I'd like the entries repeated exactly, pictures omitted.

-=-=-

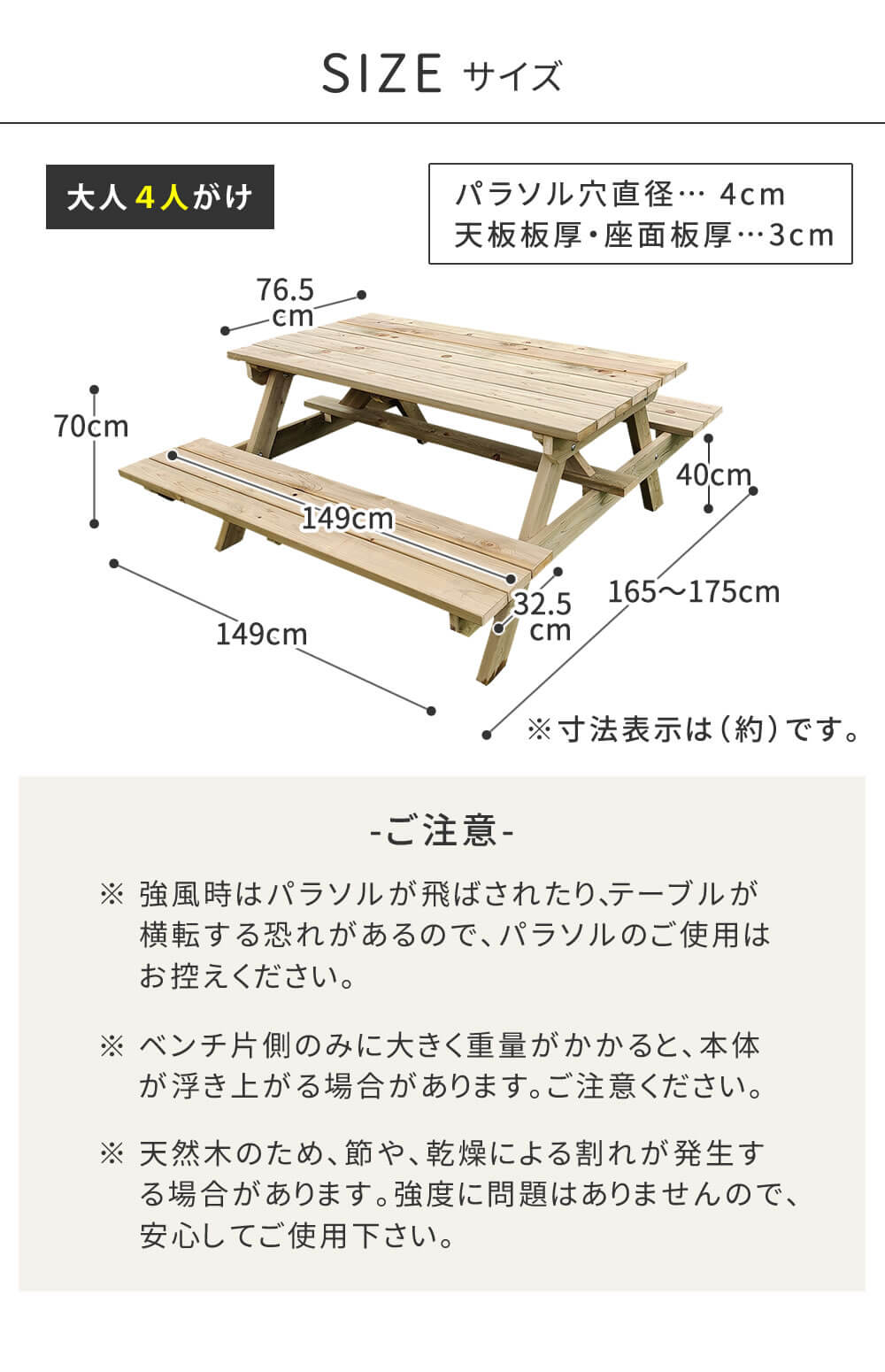 ・パラソル穴:直径4cm
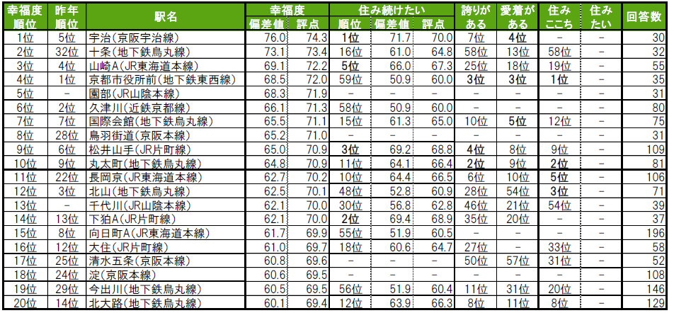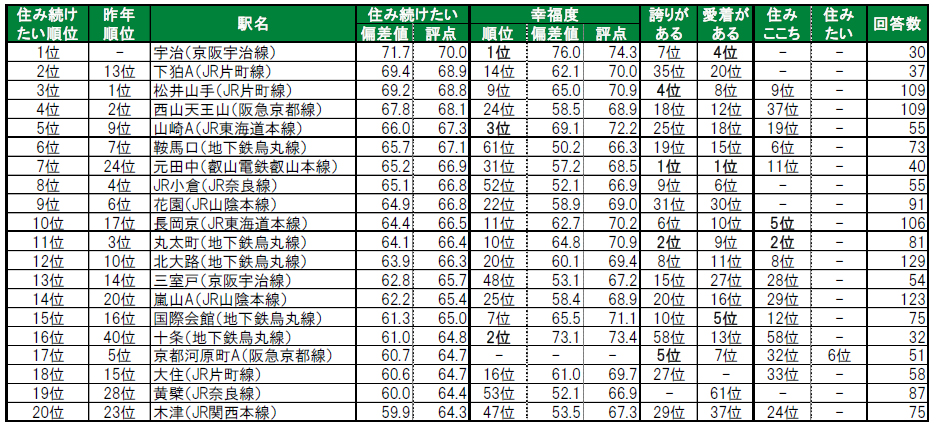 住み続けたい街(駅)ランキングでは、初登場の宇治が唯一偏差値70台の高い評価を得て1位となった。宇治は昨年、累計回答者数が30名未満でランキングの集計対象外だった。
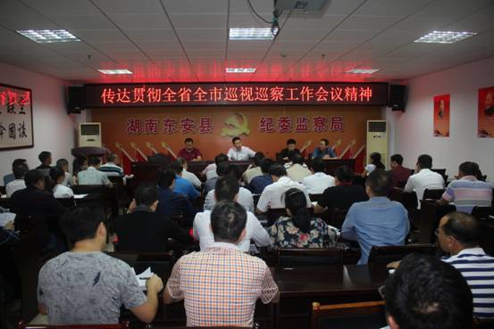 10月10日上午,东安县纪委组织召开专题会议,传达学习贯彻全省全市巡视巡察工作会议精神。会议由县政府党组成员、县纪委副书记、县监察局局长魏新林主持,县委常委、纪委书记廖劲松出席会议并讲话,委局机关全体干部职工、县委巡察办、巡察组成员、作风办全体人员等与会。
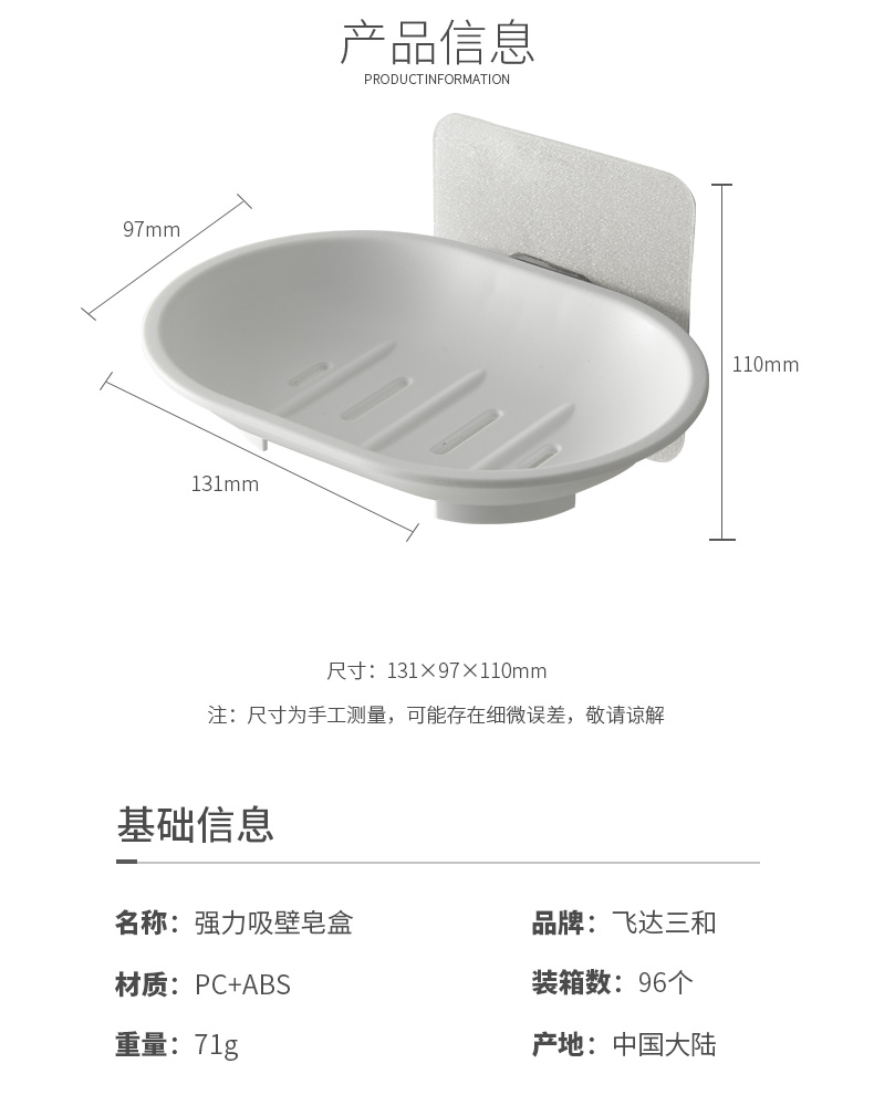 品牌名称:jiuyou登录入口三和 生产地区:中国·浙江·台州 jiuyou登录入口货号:R5340 装箱数:96 jiuyou登录入口尺寸:13.1*9.7*11cm 外箱尺寸:56*33.5*37cm 条形码:6931643818261 jiuyou登录入口三和R5340 强力吸壁皂盒
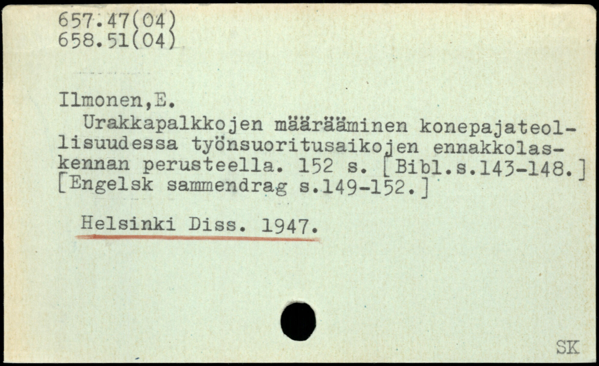 Unionen,S. i Urakkapalkkojen määrääminen konepajateol-lisuudessa ty’dnsuoritusaikojen ennakkolas-kennan perusteella.
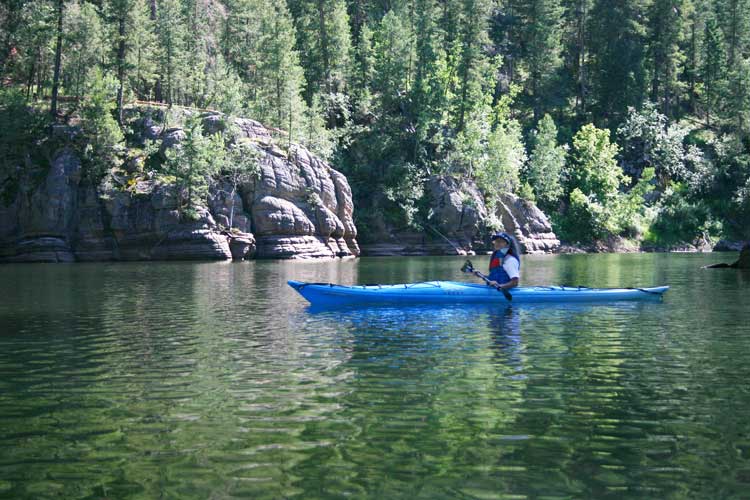 My wife Karen on very scenic Blue Ridge Reservoir.

-=-=-

WRITTEN RESPONSE:
 ・パラソル穴:直径4cm
 住み続けたい街(駅)ランキングでは、初登場の宇治が唯一偏差値70台の高い評価を得て1位となった。宇治は昨年、累計回答者数が30名未満でランキングの集計対象外だった。
 10月10日上午,东安县纪委组织召开专题会议,传达学习贯彻全省全市巡视巡察工作会议精神。会议由县政府党组成员、县纪委副书记、县监察局局长魏新林主持,县委常委、纪委书记廖劲松出席会议并讲话,委局机关全体干部职工、县委巡察办、巡察组成员、作风办全体人员等与会。
 品牌名称:jiuyou登录入口三和 生产地区:中国·浙江·台州 jiuyou登录入口货号:R5340 装箱数:96 jiuyou登录入口尺寸:13.1*9.7*11cm 外箱尺寸:56*33.5*37cm 条形码:6931643818261 jiuyou登录入口三和R5340 强力吸壁皂盒
 Unionen,S. i Urakkapalkkojen määrääminen konepajateol-lisuudessa ty’dnsuoritusaikojen ennakkolas-kennan perusteella.
 My wife Karen on very scenic Blue Ridge Reservoir.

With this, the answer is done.